6. Don't hesitate to reach out to datasciencejobs@tagup.io with any questions!

In [None]:
# To help you get started...
from IPython.display import display
import pandas as pd
import matplotlib.pyplot as plt
import numpy as np
import scipy as sc
import math
from scipy import interpolate
from changepoint.variance_shift_model import VarianceShiftModel
import os
from scipy import interpolate
%matplotlib inline 

In [None]:
data = pd.read_csv('./data/exampleco_data/machine_1.csv')

In [None]:
plt.figure(figsize=(26,6))
plt.plot(range(len(data)), data.iloc[:,1])

In [None]:
plt.figure(figsize=(26,6))
plt.plot(range(len(data)), data.iloc[:,2])

In [None]:
plt.figure(figsize=(26,6))
plt.plot(range(len(data)), data.iloc[:,3])

In [None]:
plt.figure(figsize=(26,6))
plt.plot(range(len(data)), data.iloc[:,4])

From the signals plotted above, we see that there is a change in variance when it changes from faulty to failure. We are essentially trying to capture that mode, since this is what is important to the business.

### Solution:
Here, we go over the solution for one of the machines. The basic idea is to first clean the signal and then detect a variance shift for each signal. Now, we take a look at each of the signal individually and report the earliest time where there was a variance shift.

### Helper Functions

In [None]:
def med_values_without_outliers(signal, threshold):
    '''
    Use median values to fill the outliers.
    '''
    sig_no_out = signal.apply(lambda x: x if (abs(x) < threshold) else None)
    sig_no_out = [x for x in sig_no_out if x]
    med_val =  np.nanmedian(sig_no_out)
    # Filling the outliers with median values
    sig_no_out = signal.apply(lambda x: x if (pd.isna(x)==False) and (abs(x) < threshold) else med_val)
    return sig_no_out

In [None]:
def fill_nan(A, threshold):
    '''
    interpolate to fill nan values
    '''
    A = A.apply(lambda x: x if (abs(x) < threshold) else None)
    A = A.values
    inds = np.arange(A.shape[0])
    good = np.where(np.isfinite(A))
    f = interpolate.interp1d(inds[good], A[good],kind="nearest", bounds_error=False)
    B = np.where(np.isfinite(A),A,f(inds))
    return B

### Part 1: Remove the data points due to communication errors.
I currently have two approaches to remove the data points.
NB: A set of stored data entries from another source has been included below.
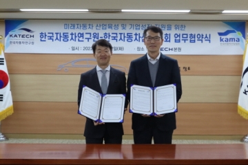 나승식 한자연 원장과 강남훈 KAMA 회장은 22일 한국자동차연구원 본원에서 R&D 성과물 확산 및 기업 성장 지원 활성화를 위한 상호 업무협약을 체결했다고 밝혔다.
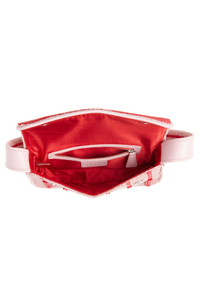 Beaded with a playful motif and edged with faux-leather piping, this shoulder bag brings a cheery, retro vibe to your look. Magnetic-snap flap closure Shoulder strap Exterior magnetic-snap slip pocket Interior zip pocket Lined Glass/textile/faux leather Imported
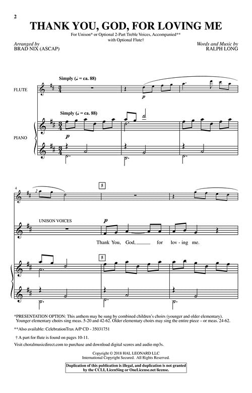 Written from a child's perspective, this lovely thanksgiving anthem expresses gratitude for God's love, care, and countless blessings. Optional flute and a gentle piano part softly surround the child-like melody that can be sung by combined younger and older elementary choirs or by older elementary choirs only. Available separately: CelebrationTrax CD. Duration: ca. 2:16
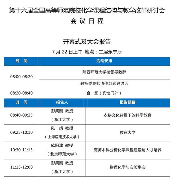 活动类别:第十六届全国高等师范院校化学课程结构与教学改革研讨会
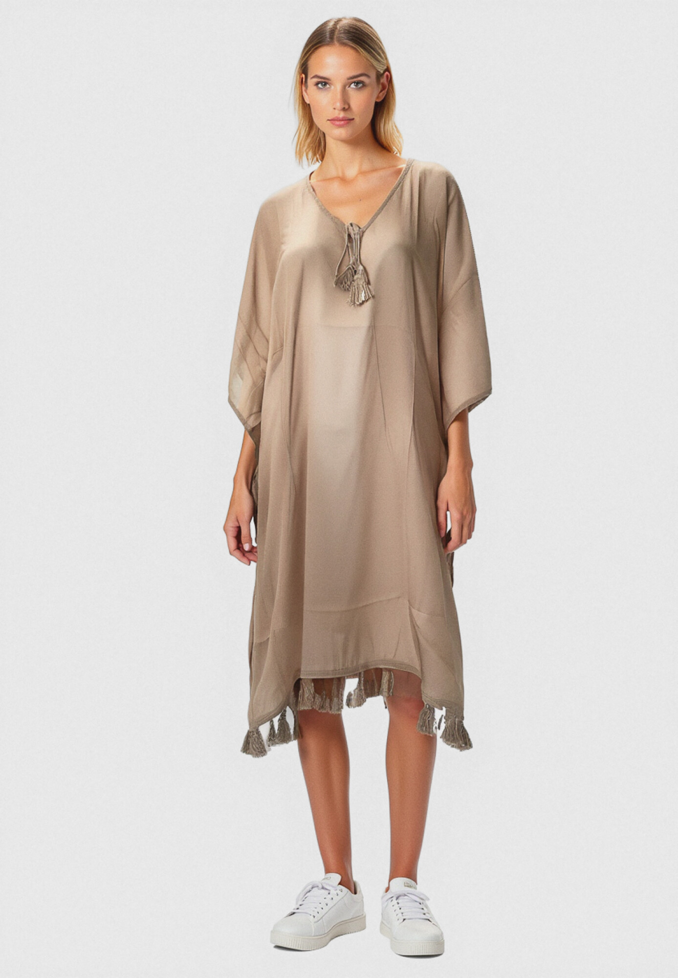 Nuevos Recibilo en Tunica algodon, holgado, con borla, con lace y cuello profundo
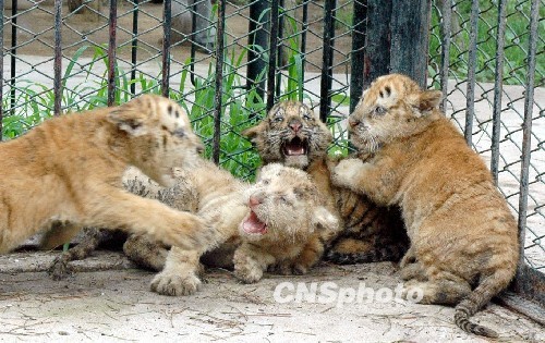 7月20日,在濟(jì)南野生動(dòng)物世界,剛出生2個(gè)月的四胞胎小老虎首次走出產(chǎn)房與游客見面。據(jù)了解,該景區(qū)飼養(yǎng)的孟加拉虎“虎妞”于5月10日產(chǎn)下四胞胎,其中兩只是金虎,一只雪虎,一只孟加拉虎,專家介紹,一胎產(chǎn)下3個(gè)品種的虎崽,在國內(nèi)還是首次出現(xiàn)。另據(jù)了解,虎有3種基因的顏色,黑色、黃色和白色,其中黑色與黃色是顯性基因,白色為隱性基因,當(dāng)黃色基因不能表達(dá)時(shí),被白色基因掩蓋,就生出白虎,黑色與黃色基因都沒有表達(dá)時(shí),白色基因就成為顯性基因,就生出雪虎,當(dāng)白色與黑色基因變成隱性基因時(shí),就會(huì)生出金黃色的虎,也稱為“金虎”。中新社發(fā) 龔輝 攝
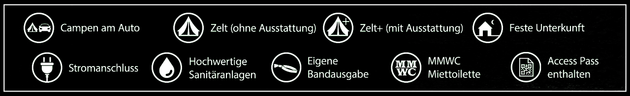 Lust auf mehr? Könnt ihr haben. Hier erwarten euch bequeme Betten, ein Stromanschluss in allen Zelten, ein eigener Gastronomie- und Loungebereich, hochwertige Sanitäranlagen, Duschen und ein Willkommensgeschenk.

One is to interpolate using median values and the other is to interpolate with nearest values.


### Plots after filling with median value
1. we consider the threshold value to be 100. Datapoints that have an absolute value greater than 100 are considered to be outliers.

In [None]:
THRESHOLD = 100
def plot_median(signal):
    filtered_sig = med_values_without_outliers(signal, THRESHOLD)
    plt.figure(figsize=(26,6))
    plt.plot(range(len(signal)), filtered_sig)

data.iloc[:, 1:].reset_index(drop=True).apply(lambda x: plot_median(x))

### Inference
We see that the rest of the noise is cleaned. Except for signal 3, we see that the rest of the signals have a clear variance shift in their signal.There will be a 

### Plots after interpolating with nearest values
1. we consider the threshold value to be 100. Datapoints that have an absolute value greater than 100 are considered to be outliers.

In [None]:
THRESHOLD = 100
def plot_interpolated(signal):
    filtered_sig = fill_nan(signal, THRESHOLD)
    plt.figure(figsize=(26,6))
    plt.plot(range(len(signal)), filtered_sig)

data.iloc[:, 1:].reset_index(drop=True).apply(lambda x: plot_interpolated(x))

### Inference:

1. Both methods produce similar outputs. Hence, we proceed on to use interpolation..

In [None]:
'''
filename = './model/changepoint_model.pkl'

if 'changepoint_model.pkl' not in os.listdir('./model/'):
    
else:
    infile = open(filename,'rb')
    model = pickle.load(infile)
    infile.close()
'''
    
model = VarianceShiftModel(50,1,5)

In [None]:
signal_cleaned = data.iloc[:, 1:].reset_index(drop=True).apply(lambda x: med_values_without_outliers(x, 100))

In [None]:
signal1_result = model.offlineDetection(signal_cleaned.iloc[:, 0].values, omit_na=False)

In [None]:
signal2_result = model.offlineDetection(signal_cleaned.iloc[:, 1].values, omit_na=False)

In [None]:
signal3_result = model.offlineDetection(signal_cleaned.iloc[:, 2].values, omit_na=False)

In [None]:
signal4_result = model.offlineDetection(signal_cleaned.iloc[:, 3].values, omit_na=False)

### Saving model

In [None]:
'''
import pickle
filename = './model/changepoint_model.pkl'
outfile = open(filename, 'wb')
pickle.dump(model, outfile)
outfile.close()
'''

### The Threshold statistic above which we flag a variance shift

In [None]:
model.threshold

### The Null threshold Distribution.

In [None]:
plt.hist(model.null_threshold_distribution)
plt.axvline(x=model.threshold, color="red")
plt.text(model.threshold, 150, r' Threshold with 1% designed false positive rate')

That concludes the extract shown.